Today is noteworthy for several reasons, besides being payday. You may have noticed that I've renamed this blog- partly because of a general trend of using my formal name (Thomas) with all my esl-related work, and with more of my life in general. People still call me Tom, of course, and I don't want that to change- yet I find that when I sign things, and when I present myself to the world, in particular the esl world- I'm more often using Thomas. And I'm trying to give the blog a general makeover- partly because I'm going to start using it to present a consistent philosophy about language learning and teaching that I've been propagating through my writing. I actually got started writing, and got into the habit, by blogging- and because that was deliberately informal, I used small letters, and used "tom"...well, things change, and this just did. More changes on their way.

But the point of this post is this. Recently an siuc grad became incoming president of the TESOL organization, at the same time the huge TESOL Convention is planning for its upcoming bash in none other than New York City. As a regular presenter I've been looking forward to this one, wishing I could plan my presentations a little more or better, but also somewhat awed by the fact that I'm off to the big apple itself to do this.
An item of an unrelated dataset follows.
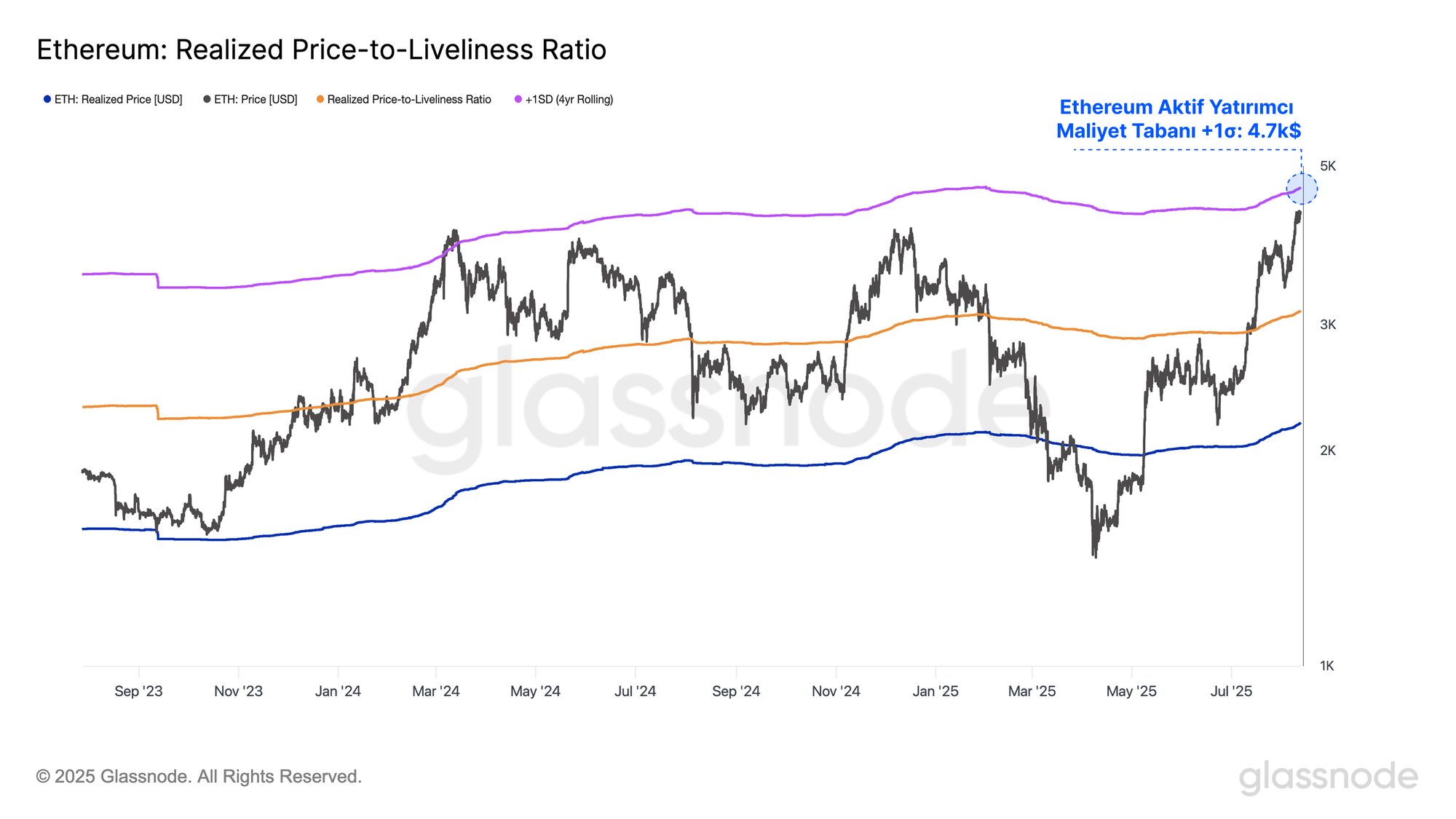 Ethereum'un mevcut yükselişinde potansiyel hedefleri değerlendirmek için Active Realized Price'ın +1 standart sapma seviyesi faydalı bir referans noktasıdır. Bu seviye genellikle satış baskısının yoğunlaşmaya başladığı bölgeyi işaret eder. Şu anda bu eşik 4,7 bin dolar seviyesinde bulunuyor ve mevcut piyasa koşullarında aşırı ısınmış bir bölgeyi temsil ediyor.

It better be good! This also will be in April, and, as we know, April rocks! But it's also gotten me to mull over what this convention has meant to me over the years, and, what the organization itself has meant. I hope to do a series on this, if I can come up with enough useful to say: I think TESOL and its members need to speak up a little, I'm just a little shy. I'm getting over it though. My sister, a musician who actually lives there, has performed the Empire State Building, if I'm not mistaken. The Sheraton may be the closest I get to going uptown, playing the Garden myself. But, in its own kind of way, going to New York is also like coming home. This is because going there involves going through, or at least flying over, all of the places where I grew up: Ohio, Pennsylvania, western New York state; that busy, windy, polluted kind of feeling gives me a kind of excitement, a foot on the gas that I have only rarely experienced since I moved out here to the wide-open, hilly river valleys something like thirty years ago....I'm inclined to take my banjo, but the darned case doesn't stay shut, and there's way too much trouble in the airports these days. Forgive the ramble....I'll bring details; I hope to meet up with old friends there, and hope, also, to have time to at least say hello.